Normally a very animated man, Greg Ristow, director of choirs at DePauw and the ensembles’ conductor, is uncharacteristically quiet, intently observing and taking notes on Dr. Flummerfelt’s work, while seated among the tenors.
Joseph Flummerfelt ’58, on campus this week as part of DePauw University’s 175th Anniversary Distinguished Alumni series, is working to help the students find the rhythmic vitality of Bernstein’s greatest choral masterpiece. “More marcato!” he asks, “it has to be like one continuous crescendo.” The singers try again, but the great conductor knows it’s not quite right. “You’re too buttoned-up, you have to let loose more, give in to a primal expression of joy.” The choirs sing the passage again, and Dr. Flummerfelt exclaims, “That’s it! I can see Maestro Bernstein on the podium when you sing it like that!” He would know, having worked closely with Bernstein and the New York Philharmonic for many years.

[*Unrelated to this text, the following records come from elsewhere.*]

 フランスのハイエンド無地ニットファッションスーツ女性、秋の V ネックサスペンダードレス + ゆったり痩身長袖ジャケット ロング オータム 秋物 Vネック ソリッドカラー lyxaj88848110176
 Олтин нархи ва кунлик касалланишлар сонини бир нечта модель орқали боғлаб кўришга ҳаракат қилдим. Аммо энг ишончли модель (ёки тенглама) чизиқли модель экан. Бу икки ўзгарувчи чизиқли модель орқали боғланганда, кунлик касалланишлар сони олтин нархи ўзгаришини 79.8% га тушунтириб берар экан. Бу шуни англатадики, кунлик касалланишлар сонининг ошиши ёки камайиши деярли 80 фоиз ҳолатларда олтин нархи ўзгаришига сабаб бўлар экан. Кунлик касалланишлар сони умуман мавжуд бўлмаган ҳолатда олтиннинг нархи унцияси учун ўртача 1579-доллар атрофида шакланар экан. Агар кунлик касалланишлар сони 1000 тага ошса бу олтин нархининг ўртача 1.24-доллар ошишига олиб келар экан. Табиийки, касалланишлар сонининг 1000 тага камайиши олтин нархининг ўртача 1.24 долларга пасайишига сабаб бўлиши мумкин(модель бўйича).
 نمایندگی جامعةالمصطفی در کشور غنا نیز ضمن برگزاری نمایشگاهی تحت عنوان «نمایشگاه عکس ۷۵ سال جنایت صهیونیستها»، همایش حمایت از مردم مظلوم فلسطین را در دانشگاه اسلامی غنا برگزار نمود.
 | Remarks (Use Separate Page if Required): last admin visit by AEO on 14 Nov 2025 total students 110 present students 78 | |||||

The famed choral conductor’s choirs have appeared in more than 45 recordings, including Benjamin Britten’s War Requiem and Brahms’s Ein Deutsches Requiem and Schicksalslied with Kurt Masur and the New York Philharmonic; Mahler’s Symphony No. 2 and a Grammy Award-winning Mahler’s Symphony No. 3 with Leonard Bernstein; Puccini’s Tosca and Berlioz’s Roméo and Juliet with Riccardo Muti and the Philadelphia Orchestra; and Messiaen’s Le Transfiguration de Notre Seigneur Jesus Christ with the National Symphony.
His collaborations with Samuel Barber include the Grammy Award-winning recording of the composer’s opera Anthony and Cleopatra. In 2004, his New York Choral Artists recording of John Adams’s On the Transmigration of Souls was awarded three Grammys. Previously, he was nominated for his Westminster Choir recording of Haydn’s Lord Nelson Mass with Bernstein and the New York Philharmonic and for Berlioz’s Roméo et Juliette with Muti and the Philharmonia Orchestra.

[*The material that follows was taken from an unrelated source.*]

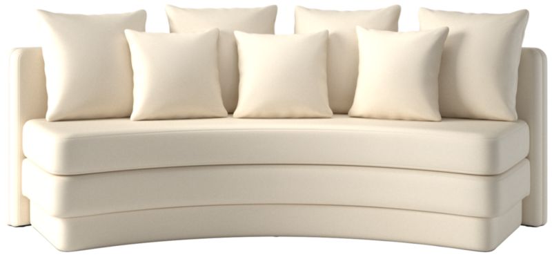 Designed for relaxed gatherings and everyday elegance, curved dining banquette by Studio ANANSI offers generous seating for four. Upholstered banquette balances sculptural form with inviting comfort. A thick bench-style seat cushion sits atop a fully upholstered plinth base, giving the appearance of a double-stacked silhouette for added visual weight. Finished with four oversized pillows and three smaller accent cushions, banquette pairs effortlessly with a round dining table. CB2 exclusive.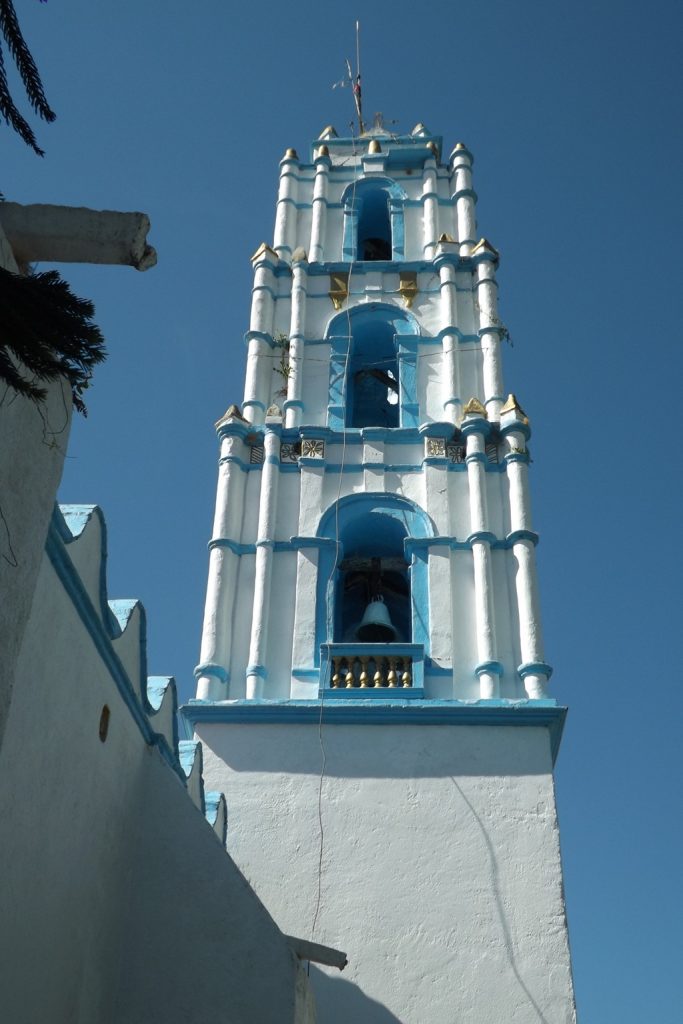 La iglesia tiene su fachada dirigida hacia el poniente y aparece ligeramente descentrada con respecto al atrio, lo que sugiere que originalmente contó con algunos anexos al norte, donde hoy se levantan construcciones aparentemente modernas. A primera vista se advierte su origen colonial, similar a otras iglesias de la región, aunque con claras modificaciones posteriores. Tiene una sola nave cubierta con bóveda de cañón y una fachada transformada con pretendido clasicismo, quizá resultado de una intervención reciente (fig. 6). Destaca, sobre todo, su gran torre con campanario de tres cuerpos, cuyas columnas adosadas, rematadas en pináculos, le dan profundidad y personalidad a pesar de su natural sencillez (fig. 7). Todo el conjunto se encuentra estucado y pintado, desafortunadamente con pinturas vinílicas y de aceite, que incluso marcan los detalles en falso dorado. Sólo algunas piedras rudamente labradas asoman en la portada principal y en la lateral, situada al norte. El pretil de los muros de la nave presenta en lo alto un perfil mixtilíneo, seguramente de época barroca (fig. 8).

“He, more than anyone I know, has the ability to reach the emotional heart of a piece and inspire a choir to sing from their souls,” says Ristow, recalling his time as a student singing under Dr. Flummerfelt during the maestro’s guest residency at the Eastman School of Music.

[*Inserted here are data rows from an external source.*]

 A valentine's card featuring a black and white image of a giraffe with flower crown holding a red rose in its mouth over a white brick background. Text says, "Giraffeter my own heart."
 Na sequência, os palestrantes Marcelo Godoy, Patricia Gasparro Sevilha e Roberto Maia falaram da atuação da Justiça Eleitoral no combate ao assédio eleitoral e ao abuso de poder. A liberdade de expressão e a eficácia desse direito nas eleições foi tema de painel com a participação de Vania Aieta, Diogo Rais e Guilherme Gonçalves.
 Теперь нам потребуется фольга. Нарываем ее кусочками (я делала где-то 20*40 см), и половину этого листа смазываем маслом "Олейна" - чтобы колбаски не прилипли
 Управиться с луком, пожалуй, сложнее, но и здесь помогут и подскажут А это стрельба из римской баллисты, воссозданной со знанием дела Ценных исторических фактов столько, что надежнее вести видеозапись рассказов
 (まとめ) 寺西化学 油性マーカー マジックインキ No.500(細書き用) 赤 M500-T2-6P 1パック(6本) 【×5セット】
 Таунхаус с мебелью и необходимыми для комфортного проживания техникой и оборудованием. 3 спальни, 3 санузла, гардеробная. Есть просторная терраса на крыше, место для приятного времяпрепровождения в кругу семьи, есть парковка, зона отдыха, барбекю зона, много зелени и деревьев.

Flummerfelt has led choirs and master classes the world over, and in over four decades of touring and teaching, he has conducted some of the nation’s most gifted singers through both the New York Choral Artists, an organization that he founded and for which he serves as musical director, and the elite Westminster Choir, which he directed for 33 years at Westminster Choir College at Rider University in Princeton, New Jersey. He delights, nevertheless, in working with the undergraduate voice students who, along with talented non-music majors, make up the membership of the University’s combined choirs.
In Wednesday’s rehearsal, both the conductor and the composition are demanding but the fervent workout is joyful and invigorating. “Bravo, bravo!” the maestro exclaims, as he releases the singers at the end of rehearsal.
“Working with Dr. Flummerfelt is indeed a delight. He is an incredible conductor and has brought us so far in only a few days,” says Emma Scherer, a senior who will soon join the full-time staff of the Santa Fe Opera after graduating in May. “He expects a lot out of the students, but gives so much in return. I am truly enjoying hearing our choir so excited to be working on such a difficult but gorgeous piece of music.”
Bernstein called Flummerfelt “the world’s best choral conductor.” In 2004, Musical America named him conductor of the year. “Extremely intelligent” is the way DePauw junior Nicholas Hinz describes him.
“He views the world around him from a philosophical perspective,” continued Hinz, the countertenor soloist for Sunday’s performance. “Music isn’t just an art; it’s a deep human experience. As the conductor, his connection to the work allows him to draw the emotional content of the music from the choir, so that the audience ultimately experiences the performance not just musically but emotionally as well.”
During a school-wide convocation with music students Wednesday morning, Flummerfelt entertained an attentive audience with personal anecdotes. While growing up in Vincennes, Indiana, he recalled spending hours in front of the mirror air-conducting Handel’s Messiah, a free recording of which came with his parent’s high-fi set. He began taking music lessons and playing the organ at his local church and was also the drum major for his high school marching band.
After high school, he knew he wanted to study music but was interested in other subjects as well, so DePauw was his final choice for attending college. As an undergrad, he was presented with additional chances to conduct through community churches, as well as at DePauw—eagerly agreeing to every musical opportunity presented to him—including the popular Monon Review, the Collegians and numerous student-directed and composed productions.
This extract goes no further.